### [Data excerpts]
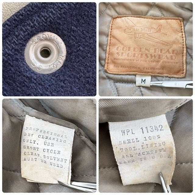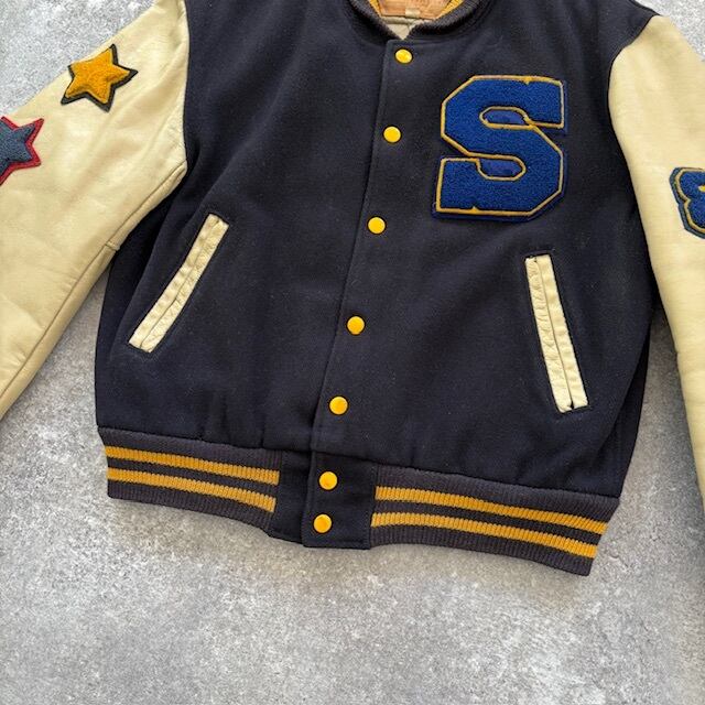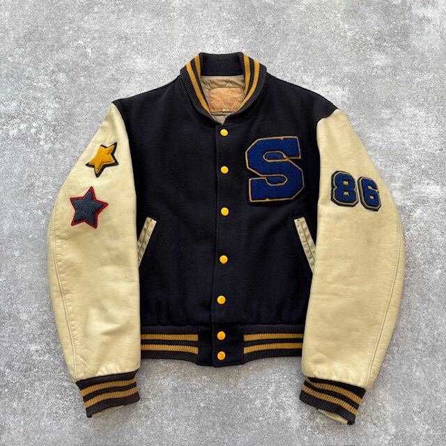 【GOLDEN BEAR】ゴールデンベア スタジャン スタジアムジャンパー バーシティジャケット 80s 80年代 USA製 飛行機革タグ レザー袖 袖革
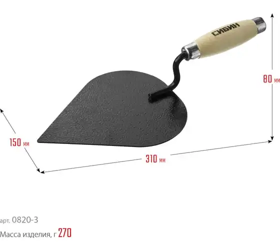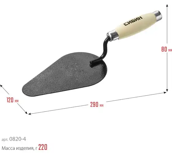 Кельма каменщика с деревянной усиленной ручкой СИБИН КК 0820-5_z01
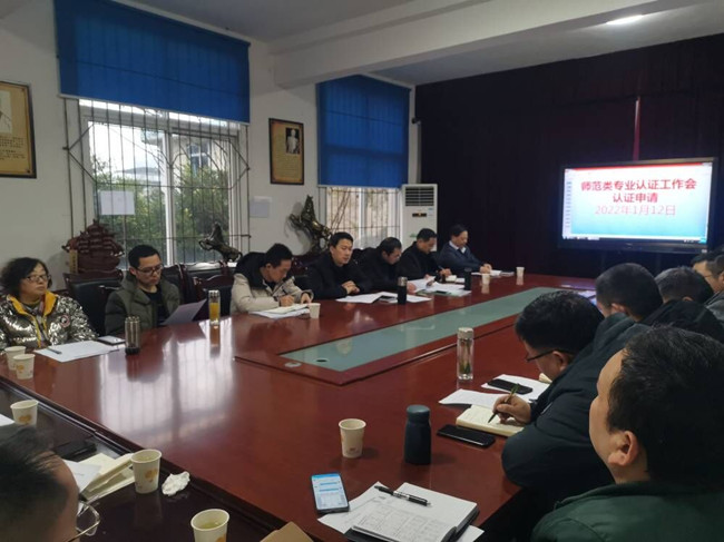本网讯(文/谢延明、图/谢影)2022年1月12日,认证工作领导小组办公室在数理学院会议室组织召开2022年师范类专业认证工作部署会,党委常委、副校长汪天飞出席会议,教学部、教师教育学院、质量监控处负责人、拟认证的六个专业所属学院院长、分管院长和专业负责人参加会议。
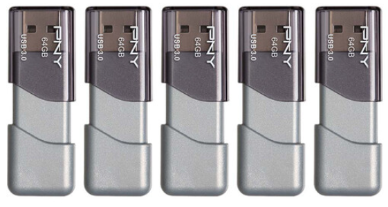 | Description: | PNY 64GB Turbo Attaché 3 USB 3.0 Flash Drive, Fray, 5-PAck | |||
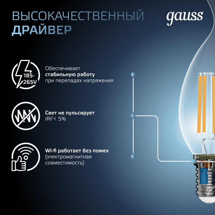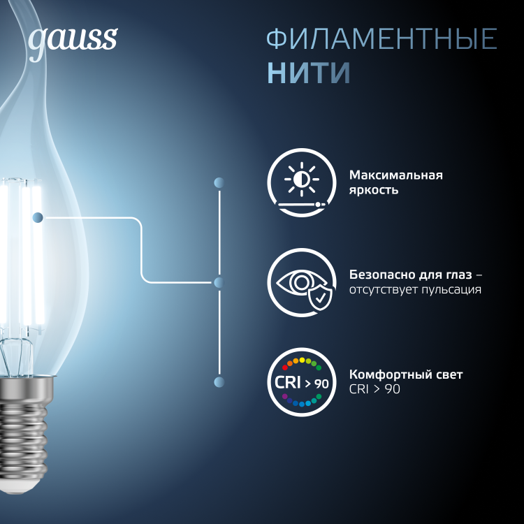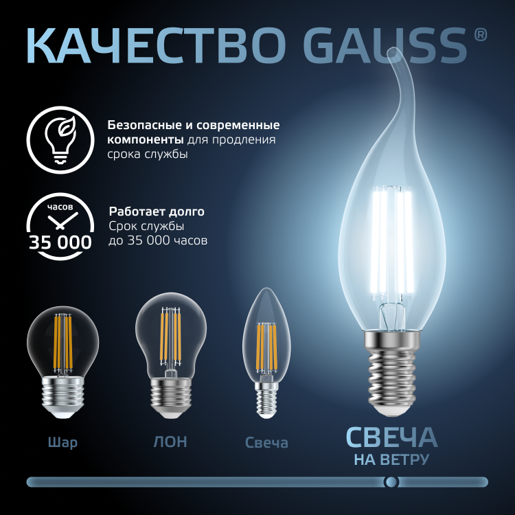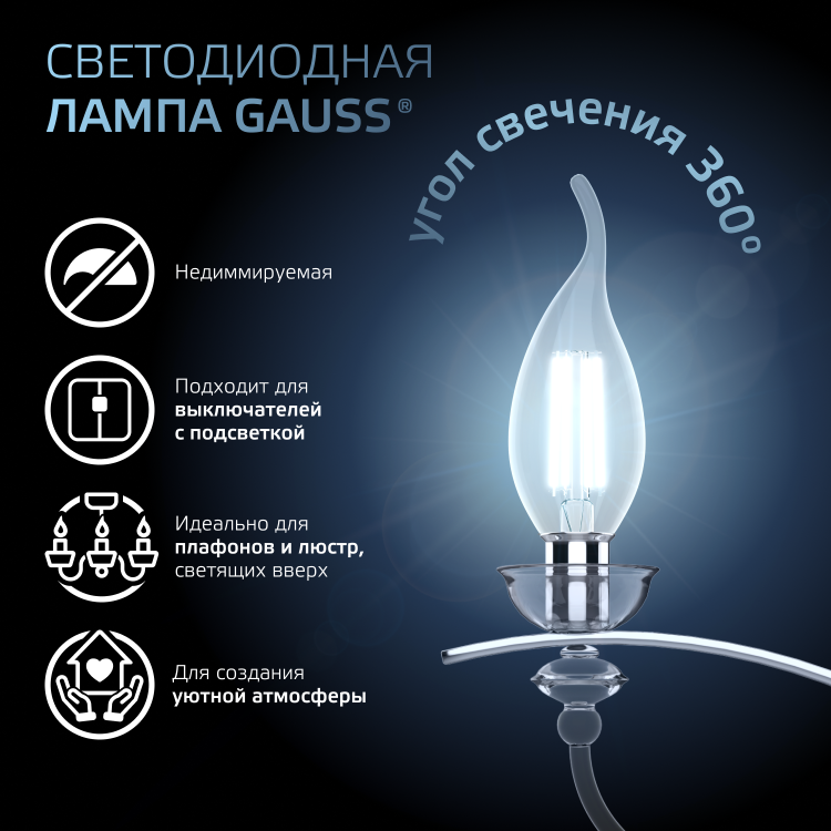 Светодиодные филаментные лампы GAUSS - это новейшие технологии в светотехнике. Лампы имеют привычный вид классических ламп накаливания, освещают пространство на 360о и дают больше света по сравнению с обычными светодиодными лампами за счет прозрачной колбы. Идеально подходят для хрустальных люстр и открытых светильников, а также для реализации дизайнерских решений, где важен вид классических ламп накаливания.

### [Work to complete]
What is needed is an exact reproduction of the data, pictures excluded.

### [Answer to this task]
 【GOLDEN BEAR】ゴールデンベア スタジャン スタジアムジャンパー バーシティジャケット 80s 80年代 USA製 飛行機革タグ レザー袖 袖革
 Кельма каменщика с деревянной усиленной ручкой СИБИН КК 0820-5_z01
本网讯(文/谢延明、图/谢影)2022年1月12日,认证工作领导小组办公室在数理学院会议室组织召开2022年师范类专业认证工作部署会,党委常委、副校长汪天飞出席会议,教学部、教师教育学院、质量监控处负责人、拟认证的六个专业所属学院院长、分管院长和专业负责人参加会议。
 | Description: | PNY 64GB Turbo Attaché 3 USB 3.0 Flash Drive, Fray, 5-PAck | |||
 Светодиодные филаментные лампы GAUSS - это новейшие технологии в светотехнике. Лампы имеют привычный вид классических ламп накаливания, освещают пространство на 360о и дают больше света по сравнению с обычными светодиодными лампами за счет прозрачной колбы. Идеально подходят для хрустальных люстр и открытых светильников, а также для реализации дизайнерских решений, где важен вид классических ламп накаливания.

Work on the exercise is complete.